Prognostication in acute brain injury

In patients with cardiac arrest, hypoxic-ischaemic brain injury (HIBI) occurring during and after resuscitation is the leading cause of death and disability [5]. Although there are no clinically available methods to measure cerebral blood flow during resuscitation directly, an indirect estimate of brain perfusion may be provided by pupillary reactivity. In a case series of 30 patients [6], 25 (83%) had detectable PLR using AP for at least part of the resuscitation, and continuous presence—or absence for < 5 min—of PLR during resuscitation was associated with survival and a good neurological outcome. Conversely, no patients with absent or gradually deteriorating PLR during resuscitation survived. An NPI ≤ 2 predicts a poor outcome with 98% specificity on hospital admission in patients who are comatose after return of spontaneous circulation [7].

Midbrain is relatively resistant to anoxia. In comatose cardiac arrest survivors with HIBI, a bilaterally absent PLR indicates a very likely poor outcome [8]. However, a visual pupillary assessment may occasionally miss a present PLR in patients with a good neurological outcome and cause a falsely pessimistic prediction. This is more likely to occur when the pupil size is small. In an observational European multicentre study on 456 adult patients with post-cardiac arrest HIBI [9], PLR on visual assessment was incorrectly rated as being bilaterally absent in five over 78 patients who eventually recovered (false positive rate [FPR] for poor outcome 6[2–14]%) while AP was 100% accurate (FPR 0[0–2]%). In those patients, the mean pupillary size was 1.9 ± 0.22 mm. The current Guidelines for Post-resuscitation Care [10] recommend pupillometry over s-PLR to prognosticate patients with HIBI after cardiac arrest (ESM Fig. 1).

Besides HIBI, AP changes may predict poor outcome in patients with acute brain injury from multiple aetiologies [11]. A multicentre prospective study [12] is investigating the ability of NPi to predict 6-month poor neurological outcome in adults admitted to ICU with acute brain injury from trauma or haemorrhagic stroke.

Limitations of automated pupillomentry

Like s-PLR, AP requires that the mechanism of vision and the afferent and efferent pathways of PLR are intact. Another potential confounder is the interindividual variability in pupil size and reactivity [13] whose impact on AP reliability remains to be investigated. Both anaesthetic agents [14] and opioids at clinical doses [15] that affect s-PLR may also alter some AP parameters. However, NPi remains generally unaffected. AP is more accurate than s-PLR when the pupil size is small, as it may occur due to sedation.
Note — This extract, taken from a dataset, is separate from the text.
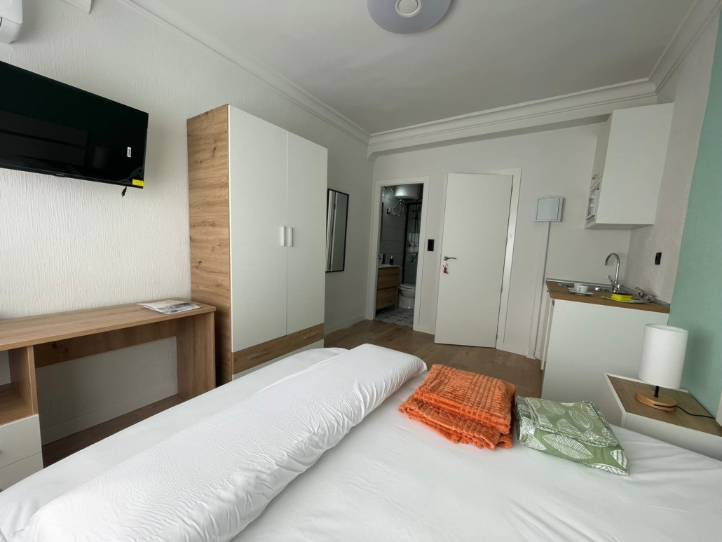 Cada suite está equipada con acabados de alta calidad, suelos de gres imitación madera y mobiliario moderno que crea un ambiente acogedor y funcional.
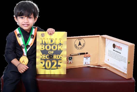 Abeer Abhimanyu Gupta (born on February 27, 2023) of Aligarh, Uttar Pradesh, is titled as ‘IBR Achiever’ for reciting days of the week, months in a year, 8 shapes, 8 planets, 7 continents and 4 mantras; recalling the capitals of 28 Indian states and 19 countries; and answering 7 G.K. questions related to celestial bodies, at the age of 2 years and 6 months, as confirmed on September 15, 2025.

However, a consistent threshold of AP values for predicting the correlated clinical event remains to be established. AP requires equipment and consumables, whose costs can make this technology unsuitable for low-resource settings. However, recent smartphone apps for performing AP in these contexts have recently been developed [16].

Take-home message

AP ensures a standard, objective, and reproducible assessment of PLR. In patients with HIBI, AP can detect minimal pupillary reactions that are not detected by visual evaluation and avoid falsely pessimistic predictions. In patients with brain injury at risk of ICHT, AP can be used as a non-invasive track-and-trigger system to detect subtle and progressive changes in PLR that indicate an impending neurological deterioration or increased ICP. Prospective clinical trials are needed to demonstrate the potential clinical benefits of early assessing and monitoring patients with acute brain injury using automated pupillometry.